Problem statement: Set down exactly the lines in the records below that run from the line with "wieder über den" to the line with "3. Ventil Vollkabine", inclusive, and nothing more.

Material shown Block Start

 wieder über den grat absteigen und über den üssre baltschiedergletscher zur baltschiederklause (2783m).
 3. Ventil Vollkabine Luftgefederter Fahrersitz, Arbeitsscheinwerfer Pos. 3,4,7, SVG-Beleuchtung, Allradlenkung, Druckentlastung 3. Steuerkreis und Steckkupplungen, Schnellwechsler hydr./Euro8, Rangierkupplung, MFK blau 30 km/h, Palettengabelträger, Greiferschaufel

Material shown Block End
Material shown Block Start

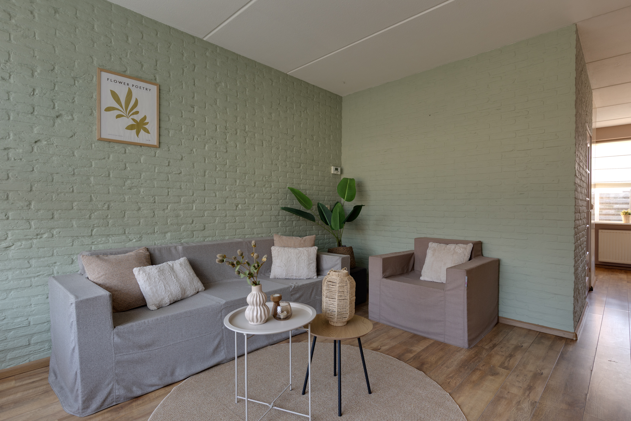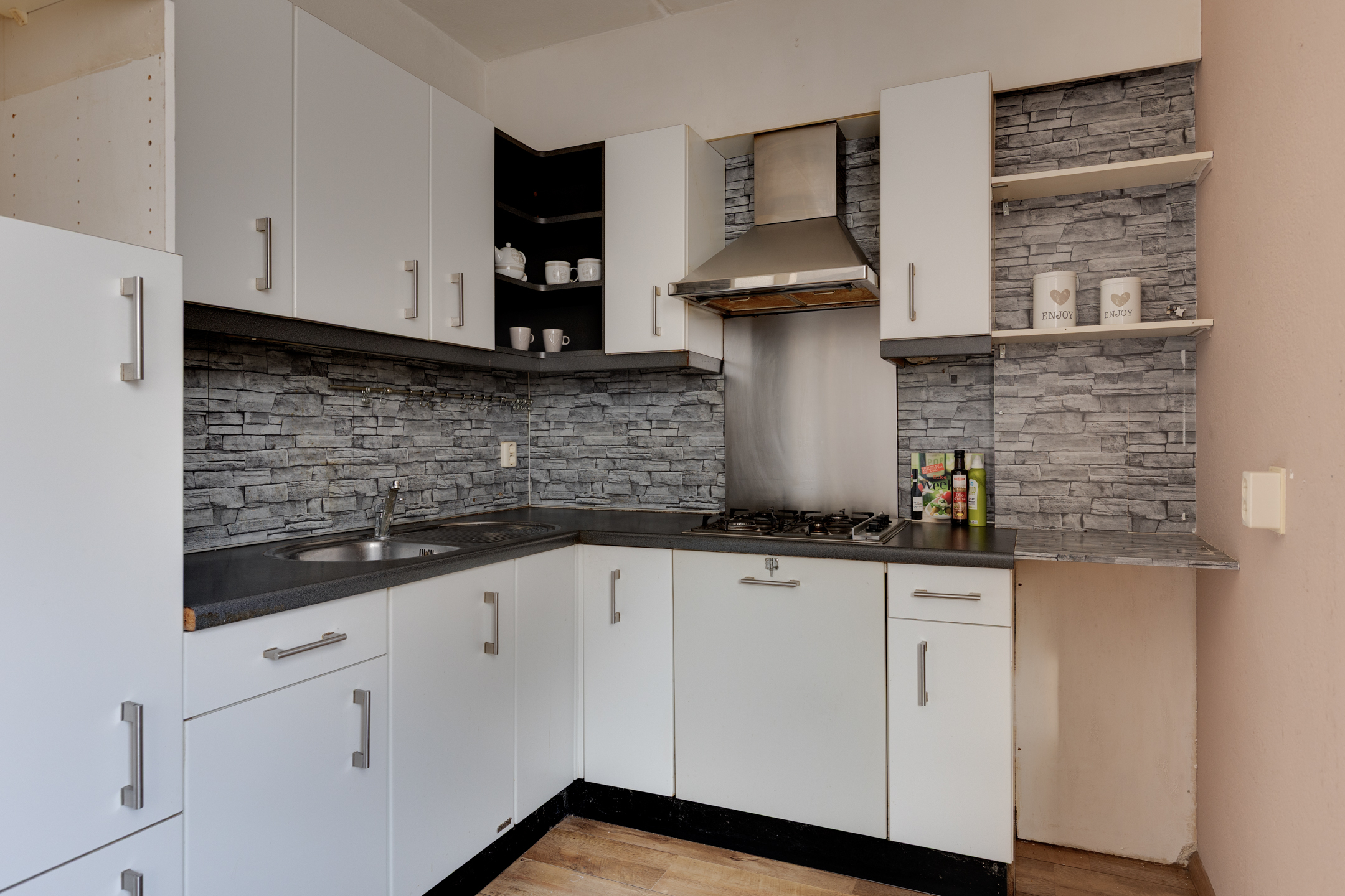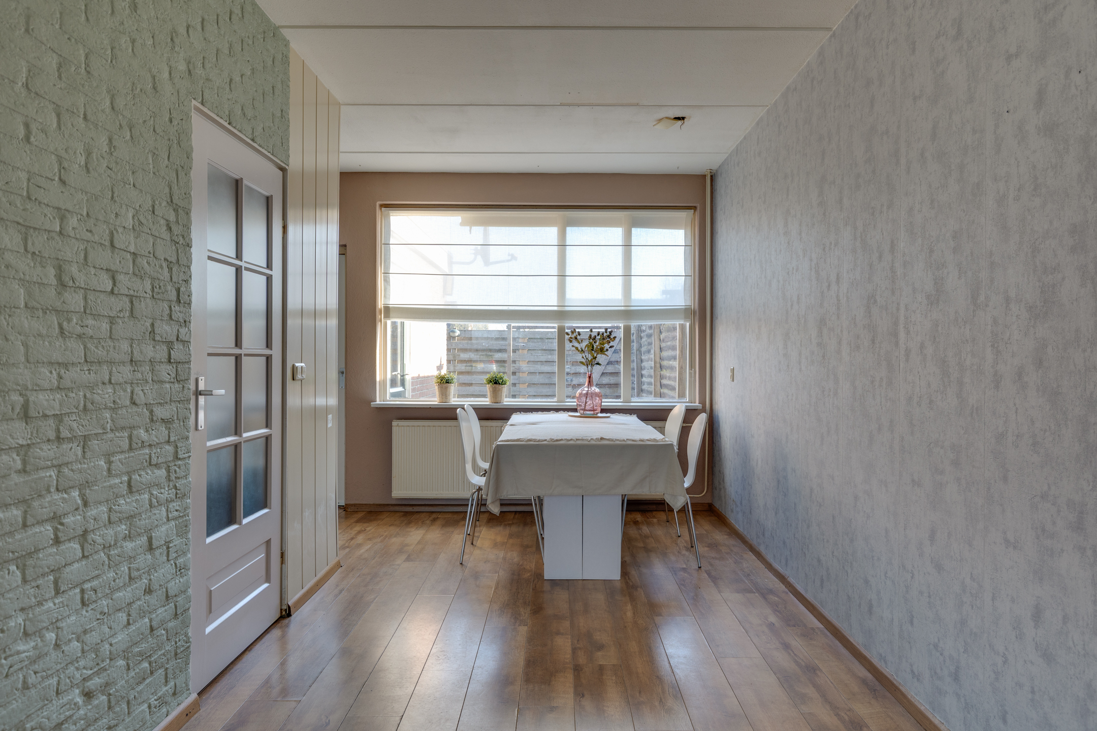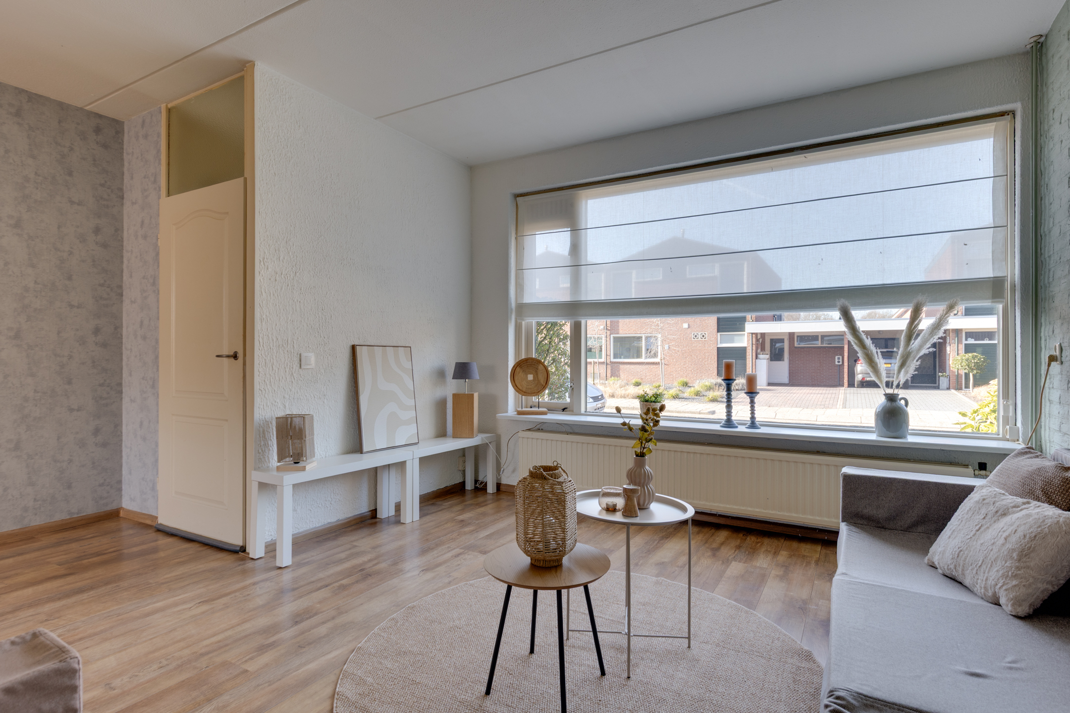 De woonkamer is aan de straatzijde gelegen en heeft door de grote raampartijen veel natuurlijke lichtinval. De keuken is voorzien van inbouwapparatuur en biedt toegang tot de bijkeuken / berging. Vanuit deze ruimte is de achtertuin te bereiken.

Material shown Block End
Material shown Block Start

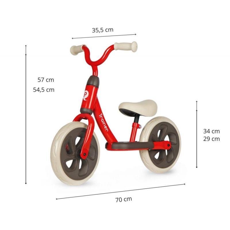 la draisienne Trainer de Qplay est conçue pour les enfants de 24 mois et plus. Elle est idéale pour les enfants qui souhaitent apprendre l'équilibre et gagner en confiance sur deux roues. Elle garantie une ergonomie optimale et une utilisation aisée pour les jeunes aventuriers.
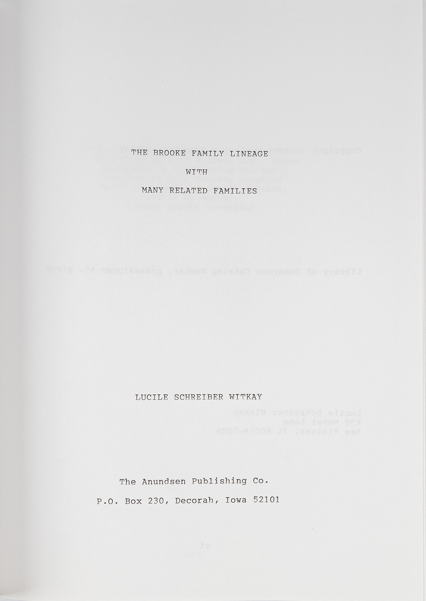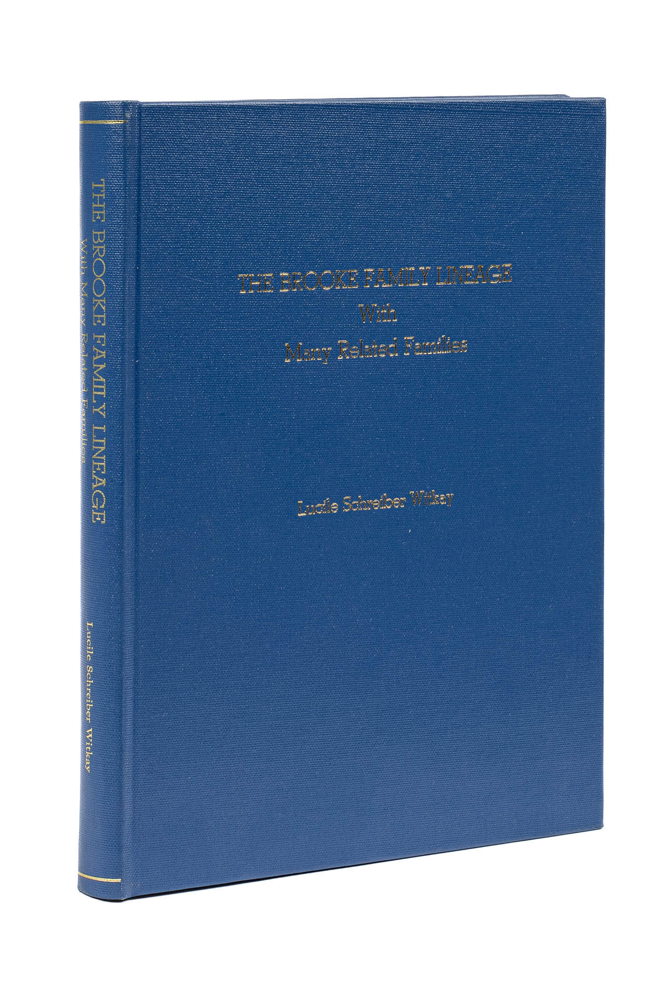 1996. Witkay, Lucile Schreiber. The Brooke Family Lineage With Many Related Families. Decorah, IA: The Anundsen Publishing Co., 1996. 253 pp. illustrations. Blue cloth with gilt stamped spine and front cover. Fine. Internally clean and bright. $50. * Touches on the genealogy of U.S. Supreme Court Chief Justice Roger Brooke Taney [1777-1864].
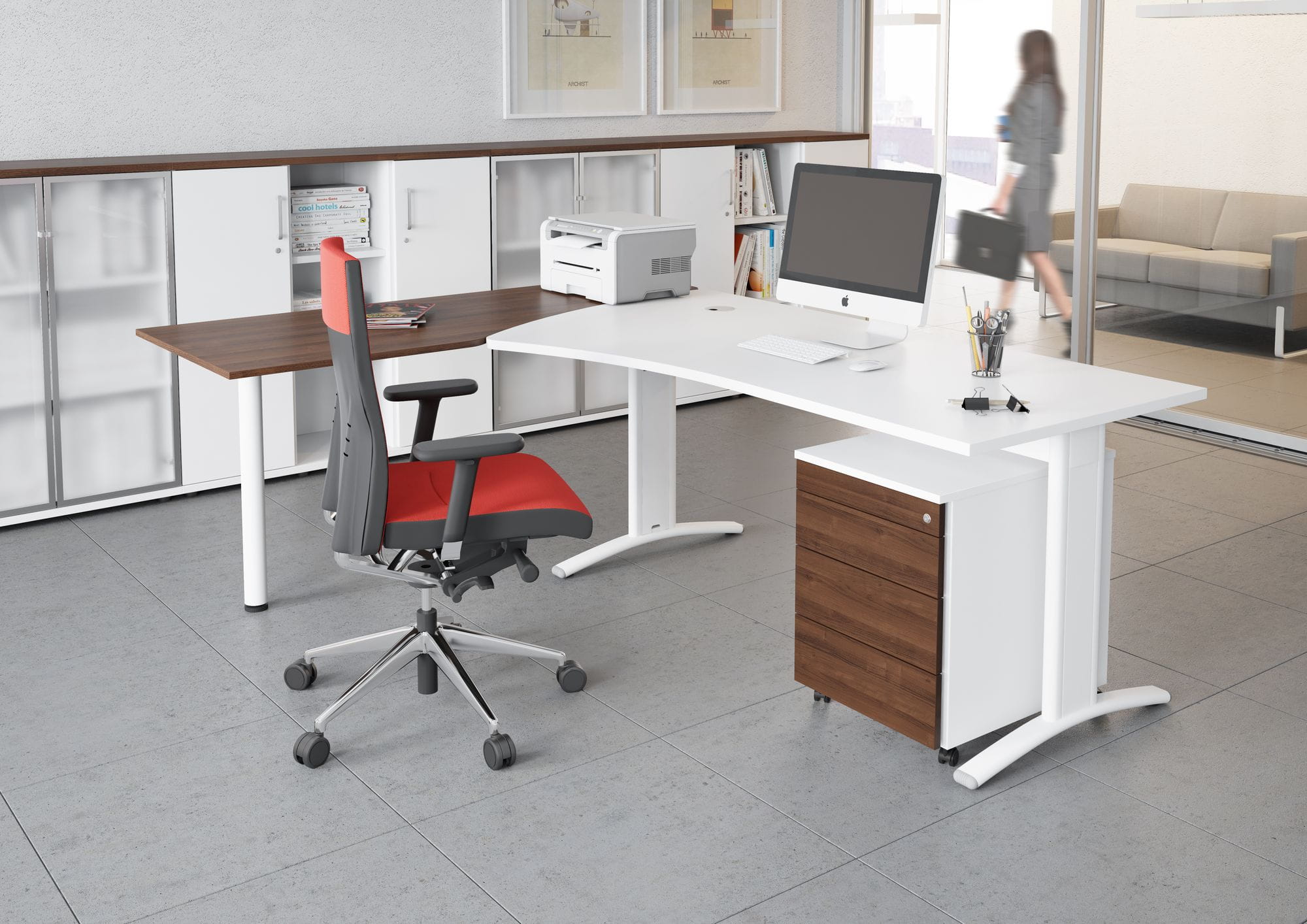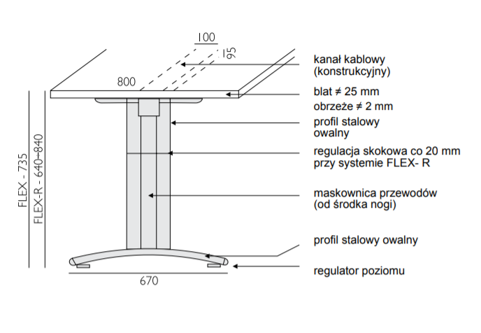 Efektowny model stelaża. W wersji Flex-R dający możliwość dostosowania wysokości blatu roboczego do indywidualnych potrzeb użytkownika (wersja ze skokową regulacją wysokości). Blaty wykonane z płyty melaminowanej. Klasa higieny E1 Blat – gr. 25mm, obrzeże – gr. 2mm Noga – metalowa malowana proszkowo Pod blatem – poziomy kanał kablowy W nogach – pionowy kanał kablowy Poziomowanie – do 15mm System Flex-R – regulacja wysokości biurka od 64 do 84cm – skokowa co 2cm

Material shown Block End

Worked solution:
 wieder über den grat absteigen und über den üssre baltschiedergletscher zur baltschiederklause (2783m).
 3. Ventil Vollkabine Luftgefederter Fahrersitz, Arbeitsscheinwerfer Pos. 3,4,7, SVG-Beleuchtung, Allradlenkung, Druckentlastung 3. Steuerkreis und Steckkupplungen, Schnellwechsler hydr./Euro8, Rangierkupplung, MFK blau 30 km/h, Palettengabelträger, Greiferschaufel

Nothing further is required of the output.